Thursday, May 28, 2009

Flashback

So I had a flashback last night to my days on bedrest. The show Wipeout is back on ABC and I caught the last 15 minutes or so of the season premiere. The reason I had a flashback was because my mom forbade me from watching the show during my bedrest. Nate and I were watching it one night, and I laughed sooooo hard. I could barely catch my breath, I was crying, etc. My mom was here to witness it, and from that day forward, it was on my list of forbidden shows.

Which brings me to just how difficult bedrest is. I've had several people over the months since the girls have been born say to me "well bedrest can't be that difficult...I mean, I would love to lay around and do nothing for a while."

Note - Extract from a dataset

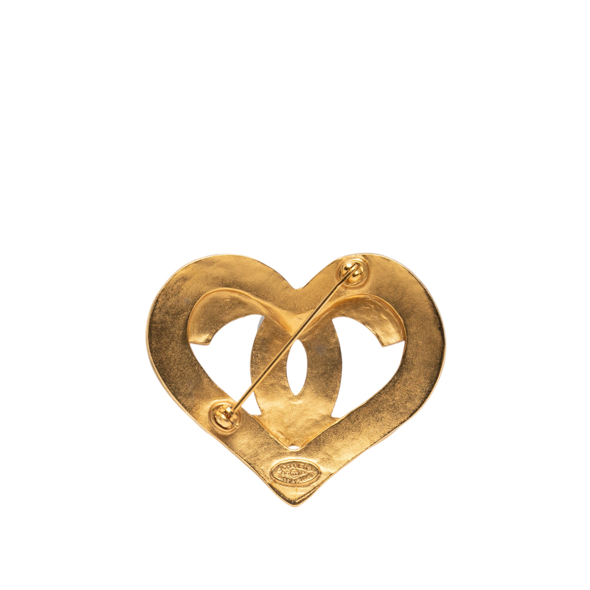 Chanel Gold Plated CC Heart Brooch

And yes, I agree. Laying around doing nothing sounds rather delightful at times! But nothing could ever replicate the incredible fear and debilitating anxiety of being solely responsible for the health of my babies. The first few weeks, I was petrified to even move. Thankfully, that subsided a little bit. But I was still very scared to get up to go to the bathroom...the one and only reason I had to leave the couch. I was afraid. Afraid of gravity. Afraid of my body failing my babies.

There is absolutely no way to express how incredibly difficult bedrest was for that very reason. To know that I was responsible for protecting my babies...no one else. What if I roll over on the couch too many times? What if I'm up to go to the bathroom too often? WHAT IF I LAUGH TOO HARD? Which is exactly why my mother said I was no longer allowed to watch Wipeout.

So yeah, bedrest sounds a bit fun if you can watch the TV shows you want to watch and move around as often as you want to "get comfortable" (I often laid in one spot for HOURS out of fear of setting off more contractions). Bedrest sounds fun if you don't have a constant guilt hanging over your head that if your babies were to be born too soon it's ALL YOUR FAULT. If you don't have the guilt that if your babies face lifelong disabilities due to a premature birth it's all because your body failed. I know it sounds dramatic, but I was put on bedrest when both babies were still under 2 pounds each.

Nothing can duplicate the feelings I experienced while on bedrest. Simply putting yourself on your couch for 67 days just isn't the same.